Hemmer: Certainly, liberals during the 1990s were pretty open to the ideas of this new Republican right. One of the things that you see over the course of the 1990s is that the Democratic Party moved steadily to the right. Democratic politicians didn’t back something like Proposition 187 in California, which would have stripped all government services from people in the country without documentation, but they did move pretty far right on immigration, on border security and on the language of demonization around immigration.

That’s one of the reasons why I think of the 1990s not as a time of polarization but as a time of right-wing radicalization, because the Democratic Party isn’t running away from the Republican Party. Liberals are finding common cause in a lot of ways. In 1995, Bill Clinton and Newt Gingrich are sitting down and starting to talk about overhauling Social Security.
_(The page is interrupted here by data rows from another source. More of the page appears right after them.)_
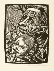 1950-1960. Holzschnitt, in Schwarz, auf glattem hellgelbem Velin. – Originale Künstlergrafik, von Rudolf Nehmer. – 12,1 x 9,0 cm (Darstellung / Druckstock), 21 x 14 cm (Blatt).
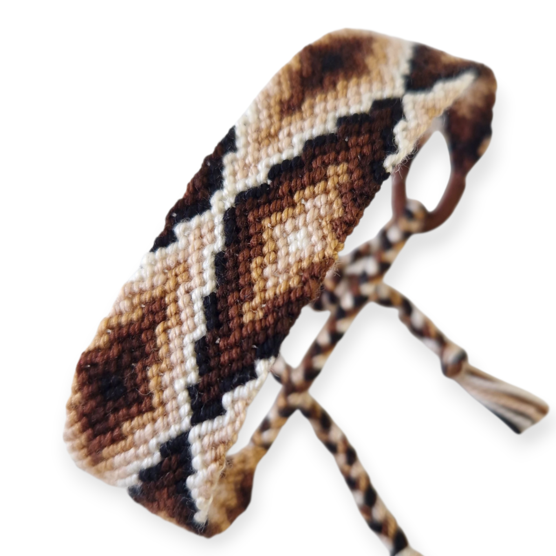 Deze prachtige set bestaat uit vijf unieke armbandjes, elk met de hand gemaakt. Eén armbandje is geknóópt van zacht garen en afgewerkt met een vaste knoop, wat zorgt voor een natuurlijke, ambachtelijke uitstraling. De andere vier armbandjes zijn geregen met stijlvolle kralen in bijpassende kleuren en voorzien van een verstelbare schuifknoop, zodat ze perfect om elke pols passen.
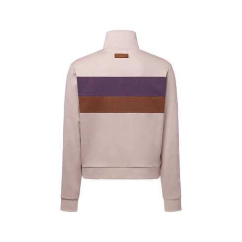 A refined take on a casual silhouette, this elegant beige track top is crafted in double-face cotton jersey accented with contrasting bands across the torso and discreet gold-stamped Louis Vuitton Paris lettering on the chest. This season’s graphic Louis Vuitton x The Darjeeling Limited motif adorns the inside, while a leather signature patch completes the back.
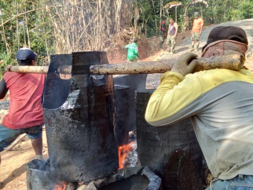 Dia adalah Suparno (43) dan Darji (38) yang dengan semangat memikul aspal yang baru saja di goreng untuk dicairkan dan kemudian dicurahkan untuk pengaspalan.” Panasnya aspal ini juga panasnya semangat saya pak,”ungkapnya sambil jalan memikul aspal.
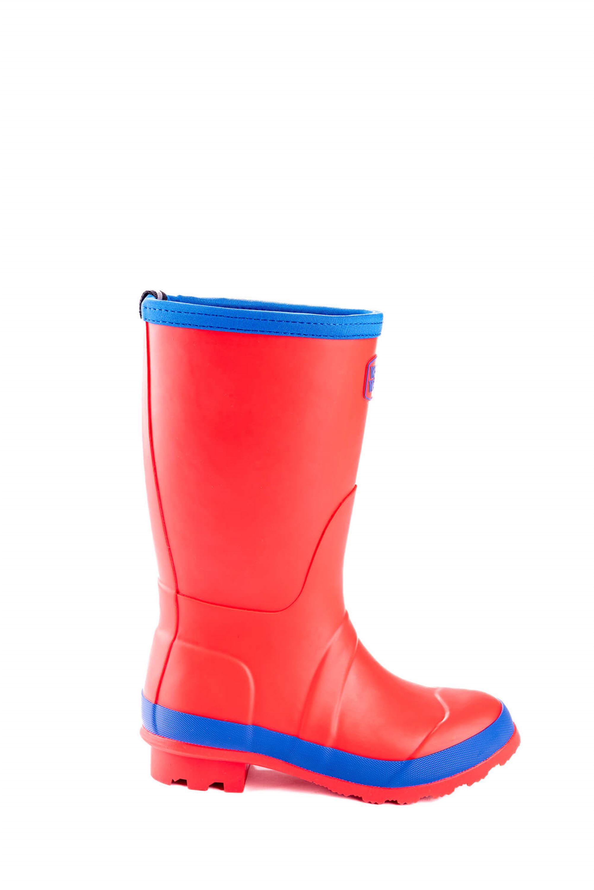 Red infant wellies, handmade from natural rubber and lined with 4mm neoprene to keep your child's feet warm and keep the cold out! Tops are hand-stitched with lycra edging tape for a neat finish. They also feature handy reflective pull-on/hanging loops. These wellies were designed in Cumbria and are made exclusively for The Warm Welly Company. #warmwellies
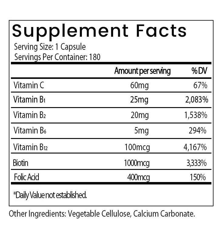 Ingrediente principal:Vitaminas B1, B2, B6, B12, Vitamina C y Ácido Fólico
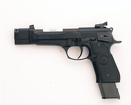 ** A CASED 9mm (PARA) SEMI-AUTOMATIC PISTOL SIGNED BERETTA, MODEL '92 COMBAT', serial no. C70563Z, recent, with 6in. barrel including built-on muzzle-weight, blacked open re-inforced slide, adjustable sights, blacked frame with chequered front and back-straps, single-action match-trigger and black plastic grips TOGETHER WITH its manufactures abs plastic case containing the pistol, paperwork, a selection of magazines (one extended) and a stripping tool, the whole appearing unused.
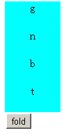 复制代码代码如下: <!DOCTYPE html> <html> <head> <meta http-equiv="Content-Type" content="text/html; charset=UTF-8"> <title>fold paper effect by gt-柯乐义</title> <style> #wrapper { -webkit-perspective: 55cm; -webkit-perspective-origin: 50% 50%; text-align: center; } .paper { position: relative; height: 40px; width: 5em; margin: 0; background-color: aqua; -webkit-transition: -webkit-transform 1s linear; } </style> <script type="text/javascript"> window.angel = 0; window.timer; function fold() { var foldUp = document.getElementById("foldUp"); var foldDown = document.getElementById("foldDown"); var down = document.getElementById("down"); if (window.angel == 0) { window.timer = setInterval(function() { var diff = different(-1, 20); console.log(foldUp.offsetTop) move(foldUp, diff, 1); move(foldDown, diff, 3); move(down, diff, 4); }, 40); setTimeout(function() { clearInterval(window.timer); foldUp.style.top = "-20px"; foldDown.style.top = "-60px"; down.style.top = "-80px"; window.angel = -90; }, 1030); foldUp.style.webkitTransform = "rotateX(-90deg)"; foldDown.style.webkitTransform = "rotateX(90deg)"; } else if (angel == -90) { window.timer = setInterval(function() { var diff = different(1, 20); console.log(foldUp.offsetTop) move(foldUp, diff, 1); move(foldDown, diff, 3); move(down, diff, 4); }, 40); setTimeout(function() { clearInterval(window.timer); foldUp.style.top = "0"; foldDown.style.top = "0"; down.style.top = "0"; window.angel = 0; }, 1030); foldUp.style.webkitTransform = "rotateX(0deg)"; foldDown.style.webkitTransform = "rotateX(0deg)"; } else { console.log(window.angel) } } function positionValue(div, type) {// 得到css带单位的值 var str = div.style[type]; str = str.substring(0, str.length - 2); var value = parseInt(str); if (isNaN(value)) { value = 0; } return value; } function move(div, different, time) { var top = positionValue(div, "top"); div.style.top = top + different * time + "px"; } function different(direction, height) { var lastAngel = window.angel; window.angel += 3.6 * direction; var different = Math .ceil((Math.cos(window.angel / 180 * Math.PI) - Math .cos(lastAngel / 180 * Math.PI)) * height * 100) / 100; return different; } </script> </head> <body> <div id="wrapper"> <div id="up" class="paper"> g </div> <div id="foldUp" class="paper"> n </div> <div id="foldDown" class="paper"> b </div> <div id="down" class="paper"> t </div> </div> <button onclick=fold();> fold </button> </body> </html>
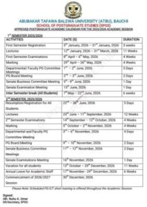The School of Postgraduate Studies (SPGS), Abubakar Tafawa Balewa University (ATBU), Bauchi, has officially released the Senate-approved academic calendar for the 2025/2026 academic session.
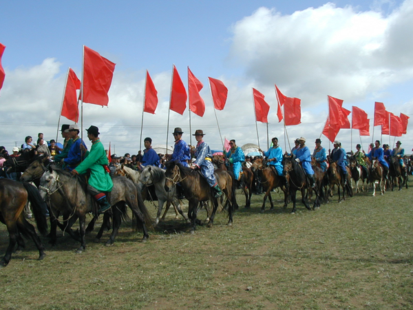 蒙古民族幾乎人人都天生酷愛馬,也很會(huì)訓(xùn)練馬,若在過去,作為馬背民族更是離不開馬。好馬、好騎手一直享有極高的榮譽(yù)。因此,賽馬當(dāng)然成為牧民最喜愛的運(yùn)動(dòng)。蒙古族賽馬一般分賽走馬和賽奔馬兩種。賽走馬是指讓鞍具齊全并釘有合適馬掌的馬跑對(duì)側(cè)步(即前后蹄一順交錯(cuò)前進(jìn)),比馬的速度、耐力、穩(wěn)健和美觀。有豐富經(jīng)驗(yàn)者才能騎出走馬來(lái),所以,參賽的馬多用5歲以上的成年馬,騎手也以成年人為主。比賽時(shí),要求騎手有高超的騎術(shù),能夠駕馭好馬,使其既走得快、穩(wěn)、美,又不能跑起來(lái)。還要求馬抬步越高越好,這樣顯得很有“風(fēng)度”,這不僅取決于馬掌的重量,還要看馬的素質(zhì)。一匹好的走馬,即便在牧區(qū)也價(jià)格非常昂貴。賽奔馬是比馬的速度和耐力,以先到達(dá)終點(diǎn)者為勝。奔馬的步伐與走馬不同,是四蹄分前后成雙交錯(cuò)奔跑。參賽的選手多為十二三歲的小男孩,因?yàn)樗麄凅w輕敏捷。為了減輕馬的負(fù)荷和照顧騎手的安全,奔馬都不備鞍具或配備輕巧的鞍具。騎手們只穿華麗的彩衣,頭束紅綠飄帶,顯得英武、神氣。賽程一般長(zhǎng)25至35千米。奔馬賽比走馬賽普遍,參賽的人數(shù)也多,少則幾十,多則逾百。比賽開始,選手們迅速躍馬,揚(yáng)鞭飛奔,觀眾則雀躍歡呼,吶喊助威【圖為馬隊(duì)進(jìn)場(chǎng)儀式,劉軍攝影】。
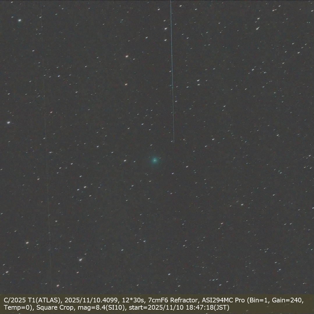 C/2025 T1(ATLAS), 2025/11/10.4099, 12*30s, 7cmF6 Refractor, ASI294MC Pro (Bin=1, Gain=240, Temp=0), Square Crop, mag=8.4(SI10) 御立岬にレモン彗星の撮り納にいきましたが、雲だらけでした https://www.youtube.com/watch?v=NBf6zkECvg8
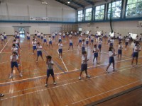体育館でソーラン節の練習をしています。細かなところに気をつけて、少しでもかっこよ...
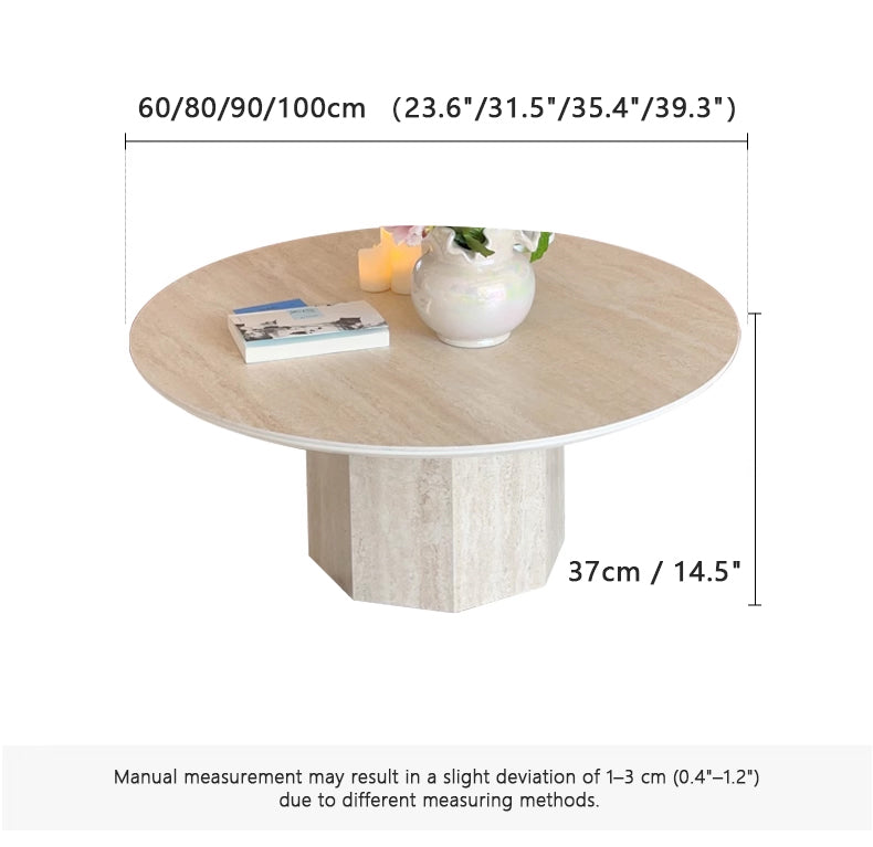 WEHOMZ Japandi Round Coffee Table - Beige Travertine & Sintered Stone Options
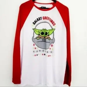 Men's Large Star Wars Baby Yoda Galaxy Greetings Christmas shirt

So yes, liberals at least are on board with a lot of what’s happening.

Ward: They certainly weren’t erecting the barricades.

Hemmer: No, they were not.

Ward: A drawback to other, more Trump-centric approaches to conservative history is that they lend a sense of inevitability to Trump’s rise, and in the process, then they overlook the moments when Republicans consciously chose to invite the more radical members of the conservative coalition into the fold. For instance, you mention the episode in 1992 when George H.W. Bush invited Rush Limbaugh to the White House for dinner, and Bush even ended up carrying Limbaugh’s luggage for him.

Hemmer: I think that particular moment where Bush sides with Rush Limbaugh is an important one, as is the omnipresence of Roger Ailes in Republican politics in the 1980s and 1990s.

There were alternatives. Colin Powell is such a fascinating case study, because he comes out of a lineage that included people like Jack Kemp, the representative from New York who was often seen as the heir to Reagan. There were moments where Kemp was like, “What are you doing, Republicans? Stop paddling around with radicals and look at this other legacy that we could be following.” Imagine if in 1996, Colin Powell had won the Republican nomination and the presidency, not just as a Black man, but as somebody who was pro-abortion rights. It is a very different party in that case.

Today, that seems so impossible. But this is why the Perot campaign was so important. It seems like in the early 1990s, American voters were open to a lot of different possibilities. The country may have ended the decade as being an increasingly partisan and polarized country, but it didn’t start the decade that way, and that sense of possibility is important for making sense of the ’90s.

Ward: Trading your historian’s hat for your pundit’s hat for a minute, there’s an analogy to be drawn here with Trumpism. In some senses, Trump has captured the Republican Party today in a similar way to how Reagan captured it back in the ’80s. But as you point out, historians have a tendency to exaggerate the extent of the ideological homogeneity that follows these watershed elections. Are there any fault lines in the Republican Party today that are akin to the fault lines that emerged between Reagan and these partisans in the ’80s and ’90s?

Hemmer: There is this “national conservatism” that’s arisen today that occasionally has advocates of a stronger social safety net. [But] at the moment, it’s hard to talk about in terms of fault lines, because it’s such an ideologically unsettled moment. It really does seem like on the policy front, a lot of things are up for grabs. You could imagine a heterodox Republican candidate getting away with quite a lot [in the same way that] Donald Trump got away with quite a lot.

The thing that makes it hard to see the fault lines right now is this over-arching loyalty to Donald Trump. We’re talking the day after Liz Cheney lost her primary campaign, and that has nothing to do with her politics outside of her relationship to Trump. I do think we’re going to continue to see a kind of moderate-radical divide in the party, but it’s just that the center of that divide keeps shifting over further and further and further to the right.

I think that in general, most Republicans really do agree on the direction of policy, but the question is, how hardline and how attached to democracy are they going to be. More than anything, that question of “Are we pro-democratic governance or anti-democratic governance” is the real fault line.